SPF, DKIM and DMARC explained: why domains that never send email need these records too
Published on July 17, 2026
Sending a phishing email that appears to come from your domain costs an attacker nothing. The From field of an email is a free text field, just like the sender on an envelope: anyone can put anything there. The email protocol SMTP dates from 1982 and verifies nothing by itself. Everything that makes email reasonably trustworthy today was bolted on later, and it lives in your DNS: SPF, DKIM and DMARC.
This article explains those three records with concrete examples, plus the blind spot that almost every explainer skips: domains that do not send any email at all. Those are exactly the ones attackers like to abuse, and exactly the ones you can lock down completely with three small records.
How a receiving mail server decides
When a mail server receives a message claiming to come from yourdomain.com, it looks up in that domain's DNS what the owner has published about it. Is this sending server allowed to do this? Does the signature check out? And what does the owner want me to do if it does not? The three core records answer precisely those three questions. If the records are missing, the receiver has no basis to refuse anything, and a forgery lands in the inbox surprisingly often.
SPF: who may send on behalf of your domain
An SPF record (Sender Policy Framework) is a TXT record on the domain itself, containing the list of servers allowed to send on its behalf:
yourdomain.com. TXT "v=spf1 include:_spf.google.com ip4:203.0.113.10 -all"
include:points to the SPF list of a service that sends for you, such as Google Workspace or Microsoft 365.ip4:(orip6:) allows a specific IP address, for example your own mail server or an application that emails invoices.-allat the end says: everything else is not allowed. The softer variant~all("softfail") merely marks violators as suspicious; use-allwhere you can.
Two things that commonly go wrong. First, an SPF check may cost at most 10 DNS lookups; if you stack too many include entries (every SaaS service wants in), you cross that limit and SPF fails silently.

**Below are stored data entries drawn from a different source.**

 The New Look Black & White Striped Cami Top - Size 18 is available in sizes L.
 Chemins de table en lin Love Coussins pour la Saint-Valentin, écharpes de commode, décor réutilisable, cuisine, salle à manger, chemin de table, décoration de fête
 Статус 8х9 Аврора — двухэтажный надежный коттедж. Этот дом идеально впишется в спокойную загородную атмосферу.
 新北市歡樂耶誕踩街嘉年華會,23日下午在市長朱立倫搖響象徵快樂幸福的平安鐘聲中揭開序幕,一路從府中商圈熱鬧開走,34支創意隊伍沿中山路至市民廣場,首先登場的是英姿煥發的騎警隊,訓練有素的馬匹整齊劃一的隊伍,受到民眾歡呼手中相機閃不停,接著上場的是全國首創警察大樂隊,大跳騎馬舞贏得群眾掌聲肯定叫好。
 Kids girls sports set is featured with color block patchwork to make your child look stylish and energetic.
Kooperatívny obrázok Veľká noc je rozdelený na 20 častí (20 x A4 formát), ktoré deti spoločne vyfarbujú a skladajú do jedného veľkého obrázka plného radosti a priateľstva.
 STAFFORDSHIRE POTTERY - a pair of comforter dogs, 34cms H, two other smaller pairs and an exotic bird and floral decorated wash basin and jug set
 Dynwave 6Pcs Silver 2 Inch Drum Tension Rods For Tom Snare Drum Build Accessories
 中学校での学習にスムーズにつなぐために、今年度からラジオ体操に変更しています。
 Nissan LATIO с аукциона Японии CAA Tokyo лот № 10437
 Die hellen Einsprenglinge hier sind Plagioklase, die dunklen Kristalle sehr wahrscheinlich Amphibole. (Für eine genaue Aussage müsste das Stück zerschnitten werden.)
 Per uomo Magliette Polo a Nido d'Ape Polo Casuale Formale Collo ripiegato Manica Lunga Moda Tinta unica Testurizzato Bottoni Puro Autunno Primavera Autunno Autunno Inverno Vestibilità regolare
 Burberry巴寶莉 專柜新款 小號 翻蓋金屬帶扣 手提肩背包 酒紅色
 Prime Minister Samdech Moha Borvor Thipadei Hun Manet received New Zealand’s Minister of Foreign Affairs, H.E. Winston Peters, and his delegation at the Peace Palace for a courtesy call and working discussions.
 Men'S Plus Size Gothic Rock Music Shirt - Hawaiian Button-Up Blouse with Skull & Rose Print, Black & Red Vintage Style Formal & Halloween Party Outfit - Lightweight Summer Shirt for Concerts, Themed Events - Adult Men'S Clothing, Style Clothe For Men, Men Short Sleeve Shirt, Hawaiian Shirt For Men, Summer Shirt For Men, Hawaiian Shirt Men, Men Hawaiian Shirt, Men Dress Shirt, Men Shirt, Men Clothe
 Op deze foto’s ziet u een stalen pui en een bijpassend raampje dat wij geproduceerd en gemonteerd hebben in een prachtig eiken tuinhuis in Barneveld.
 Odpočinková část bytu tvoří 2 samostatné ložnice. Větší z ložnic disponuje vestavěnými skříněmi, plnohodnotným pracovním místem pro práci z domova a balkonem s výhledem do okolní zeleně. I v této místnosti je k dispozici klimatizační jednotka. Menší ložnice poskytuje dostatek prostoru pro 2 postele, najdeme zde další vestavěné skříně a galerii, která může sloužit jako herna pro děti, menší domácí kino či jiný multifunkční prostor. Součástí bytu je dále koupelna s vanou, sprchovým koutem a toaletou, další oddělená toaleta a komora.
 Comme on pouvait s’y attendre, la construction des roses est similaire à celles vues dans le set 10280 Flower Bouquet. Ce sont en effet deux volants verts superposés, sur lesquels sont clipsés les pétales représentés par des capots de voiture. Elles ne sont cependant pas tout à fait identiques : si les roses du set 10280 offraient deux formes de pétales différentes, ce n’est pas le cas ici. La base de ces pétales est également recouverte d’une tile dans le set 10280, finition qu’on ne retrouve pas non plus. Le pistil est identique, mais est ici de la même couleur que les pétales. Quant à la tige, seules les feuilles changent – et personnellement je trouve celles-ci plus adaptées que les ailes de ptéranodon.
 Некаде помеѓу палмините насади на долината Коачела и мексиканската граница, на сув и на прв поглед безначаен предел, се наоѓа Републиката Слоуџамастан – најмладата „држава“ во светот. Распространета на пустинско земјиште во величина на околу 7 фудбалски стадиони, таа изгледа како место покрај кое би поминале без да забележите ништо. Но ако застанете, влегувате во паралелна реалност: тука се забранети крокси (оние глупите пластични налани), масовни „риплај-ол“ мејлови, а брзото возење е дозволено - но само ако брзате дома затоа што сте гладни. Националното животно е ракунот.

Second, SPF checks the envelope sender address, not the From address the recipient actually sees. An attacker can therefore pass SPF on a domain of their own while the visible From field shows yours. Only DMARC closes that gap.
DKIM: the cryptographic signature
DKIM (DomainKeys Identified Mail) has the sending server sign every message with a private key. The matching public key is published in DNS, under a so-called selector:
selector1._domainkey.yourdomain.com. TXT "v=DKIM1; k=rsa; p=MIIBIjANBgkqhkiG9w0B..."
The receiver fetches the public key and verifies the signature over the most important headers and the message body. If it checks out, the message provably went through an authorised server and was not altered in transit. Unlike SPF, DKIM also survives mail forwarding, because the signature travels inside the message itself.
The selector (here selector1) is set by your mail provider; every service that sends on your behalf gets its own selector and key pair. In practice, setting up DKIM usually means copying the records your provider has prepared for you.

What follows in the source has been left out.